Figure 1. DeepCycle reconstructs a cell cycle closed trajectory from single‐cell microscopy images.

1. A tiled time‐lapse microscopy imaging of MDCKII cells with the FUCCI2 system was performed over the area of approximately 5 × 5 mm for 33 h followed by automated cell tracking, generating 2.6 million individual cell images. For each track, the brightfield and Hoechst channels of unsegmented cell images centered at the nucleus were used as input for the DeepCycle deep learning network. Four virtual classes were defined by relative intensities of the FUCCI2 channels (mKO2‐Cdt1 and mAG‐Geminin) and used as ground truth for training the DeepCycle network. For contrast enhancement in this figure, the fluorescent intensities of each miniature single‐cell image were clipped at their 70 percentile.
2. The architecture of the DeepCycle convolutional neural network. A 2‐channel cell image is transformed into 3‐channel and fed into ResNet‐34 pre‐trained on ImageNet. Then, a 256 feature map is generated by a conv4 block global average pooling followed by a fully connected layer and a softmax layer generating the probabilities of a cell to belong to each of the four virtual classes illustrated in (C). The values obtained before the softmax layer are used as features for a low‐dimensional representation of the cells as visualized in (D).

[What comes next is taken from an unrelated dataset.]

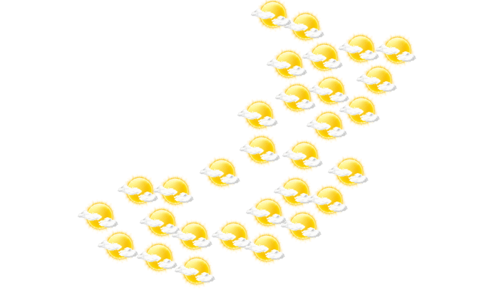 In Dagapela ist es morgens teils wolkig und teils heiter bei Werten von 9°C. Am Mittag gibt es mehr Wolken als Sonne bei Höchstwerten von 20°C. Am Abend ist es in Dagapela wolkenlos und die Temperatur liegt bei 9°C. Nachts ist es wolkenlos bei Werten von 9°C.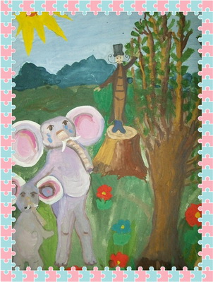 Победитель -Топтыгин и луна Климова Таня, педагог Гуцунаева Ольга Эдуардовна. Дворец детского творчества, Республика Северная Осетия - Алания, г.Владикавказ

3. Virtual classes of cells derived from the FUCCI2 intensities (mKO2 and mAG) which serve as ground truth for training the neural network (classification accuracies are reported in Appendix Fig S2). The virtual classes were designed to have similar numbers of cells and represent cells with different combinations of mAG and mKO2 intensities.
4. The DeepCycle low‐dimensional representation of the cells. Coloring cells by their corresponding FUCCI2 expression profile (green: mAG⁺/mKO2⁻; red: mAG⁻/mKO2⁺; yellow: mAG⁺/mKO2⁺) reveals a continuous and cyclic progression through the cell cycle.